Studio album by Soft Machine
- Released: June 1976
- Recorded: January to March, 1976 at EMI Abbey Road Studios, London
- Genre: Jazz rock
- Length: 44:55
- Label: Harvest
- Producer: Soft Machine

Soft Machine chronology
| Bundles (1975) | Softs (1976) | Alive & Well: Recorded in Paris (1978) |

= Softs (album) =

Softs is the ninth studio album by the jazz rock band Soft Machine, released in 1976.

Professional ratings
Review scores
| Source | Rating |
| AllMusic |  |

==Overview==
John Etheridge replaced Allan Holdsworth on guitar shortly after the release of the previous album, Bundles, and Alan Wakeman, cousin of Yes keyboardist Rick Wakeman, took over saxophone duties from Karl Jenkins. Karl would play keyboards exclusively from this point onward. During the recording of the album, the group's last remaining original member, Mike Ratledge, left the band.

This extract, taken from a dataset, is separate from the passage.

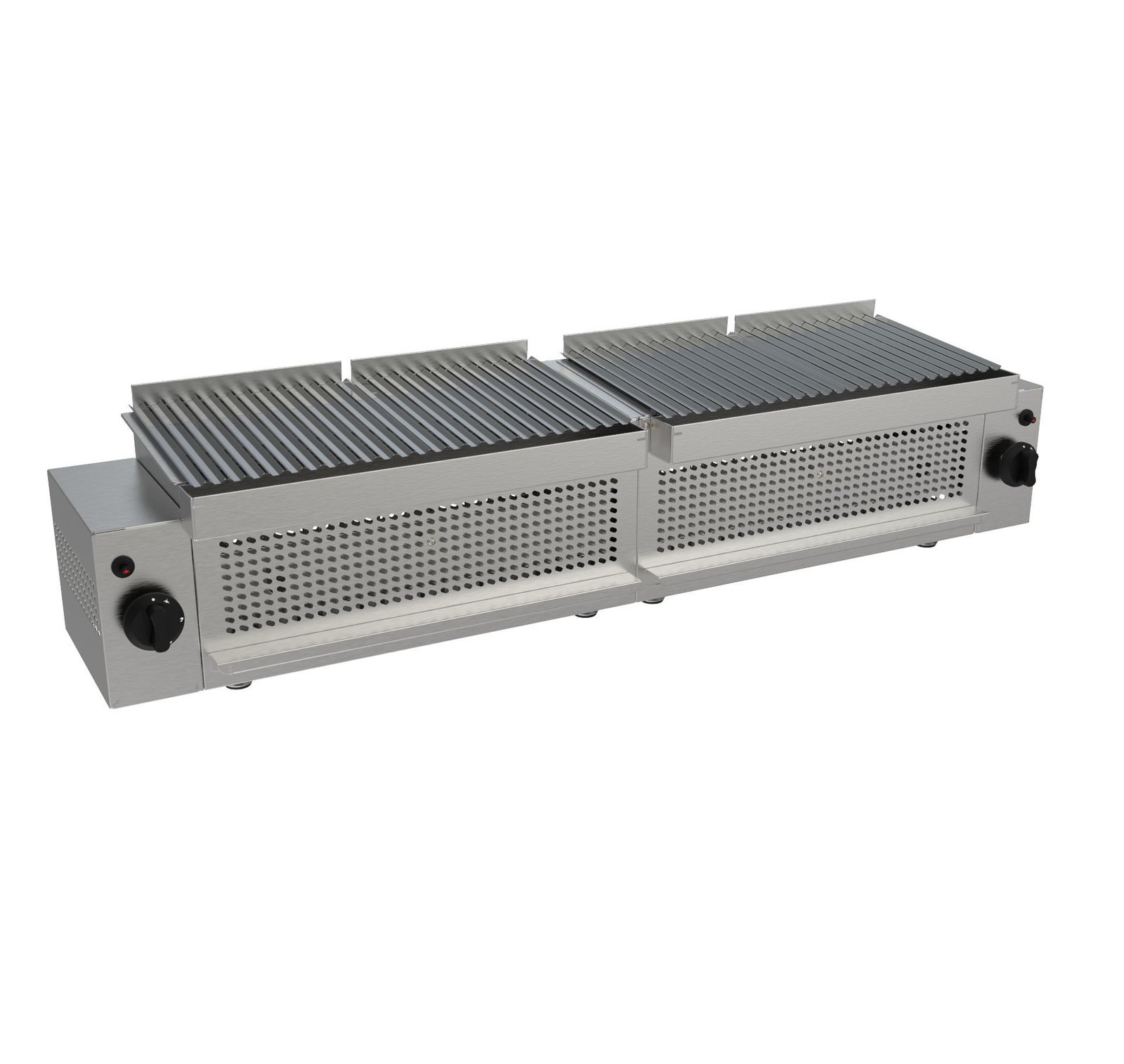 Celé z nehrdzavejúcej ocele AISI 304. Nerezové mriežky s tvarom „V“ na odtok tuku a oceľová okrúhla mriežka na varenie rýb (na požiadanie). Vysokoúčinný plynový horák s plynovým bezpečnostným kohútikom, termočlánkom, piezoelektrickým zapaľovaním a nastavením teploty min./max. Odnímateľná predná lišta na zachytávanie tuku a oleja. Odnímateľná odkvapkávacia nádoba pod horákom. Chladivá rukoväť a gombík vyrobené z tepelne odolného materiálu.

In 2019, Etheridge told Ed Masley that:

We came to record the album and Mike Ratledge never showed up. He had kind of been wanting to leave, he told me that. And I think the thought of making the album was the final straw, so he didn't show up. It didn't make a lot of difference, to tell you the truth, by then, which is a shame... But Karl Jenkins had sort of taken over and he was writing most of the music.

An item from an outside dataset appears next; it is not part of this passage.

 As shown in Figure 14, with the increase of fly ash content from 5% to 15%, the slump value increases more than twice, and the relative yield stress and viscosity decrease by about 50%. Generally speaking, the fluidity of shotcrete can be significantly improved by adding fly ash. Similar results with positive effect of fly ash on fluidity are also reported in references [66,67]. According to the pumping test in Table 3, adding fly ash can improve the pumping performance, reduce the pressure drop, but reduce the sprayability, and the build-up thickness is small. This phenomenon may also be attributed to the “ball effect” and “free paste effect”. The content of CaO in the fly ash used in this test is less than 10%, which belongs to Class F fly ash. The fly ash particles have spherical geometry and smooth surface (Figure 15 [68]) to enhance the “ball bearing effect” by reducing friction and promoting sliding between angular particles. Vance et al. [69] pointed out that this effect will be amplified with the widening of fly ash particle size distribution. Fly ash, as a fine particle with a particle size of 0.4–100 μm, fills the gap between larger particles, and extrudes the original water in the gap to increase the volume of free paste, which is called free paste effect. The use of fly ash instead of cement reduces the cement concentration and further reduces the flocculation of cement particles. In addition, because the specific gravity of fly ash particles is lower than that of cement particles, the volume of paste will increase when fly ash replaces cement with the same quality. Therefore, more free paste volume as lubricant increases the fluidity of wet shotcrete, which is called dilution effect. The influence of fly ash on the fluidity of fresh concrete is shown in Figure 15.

Two tracks recorded during the early sessions with Ratledge were included on the album. Wakeman and bassist Roy Babbington left the group not long after the album was released, Wakeman having been a member for less than six months. The album was originally to be titled One Over the Eight, a reference to this being the band's ninth album, but this title was eventually rejected.

==Track listing==
All compositions by Karl Jenkins except where indicated.

Side one
| No. | Title | Length |
|---|---|---|
| 1. | "Aubade" | 1:49 |
| 2. | "The Tale of Taliesin" | 7:15 |
| 3. | "Ban-Ban Caliban" | 9:19 |
| 4. | "Song of Aeolus" | 4:29 |
| Total length: |  | 22:12 |

Side two
| No. | Title | Length |
|---|---|---|
| 5. | "Out of Season" | 5:30 |
| 6. | "Second Bundle" | 2:35 |
| 7. | "Kayoo" (John Marshall) | 3:25 |
| 8. | "The Camden Tamdem" (John Etheridge, John Marshall) | 1:50 |
| 9. | "Nexus" | 0:47 |
| 10. | "One Over the Eight" (Karl Jenkins, John Marshall, John Etheridge, Alan Wakeman, Roy Babbington) | 5:26 |
| 11. | "Etika" (John Etheridge) | 2:21 |
| Total length: |  | 20:34 42:46 |

==Personnel==
- Soft Machine
- Roy Babbington – bass guitar
- John Etheridge – acoustic and electric guitars
- John Marshall – drums, percussion
- Alan Wakeman – soprano and tenor saxophones
- Karl Jenkins – piano, electric piano, Hohner Pianet, Minimoog and string synthesizers, orchestrations

- Additional musician
- Mike Ratledge – synthesizer (3, 4)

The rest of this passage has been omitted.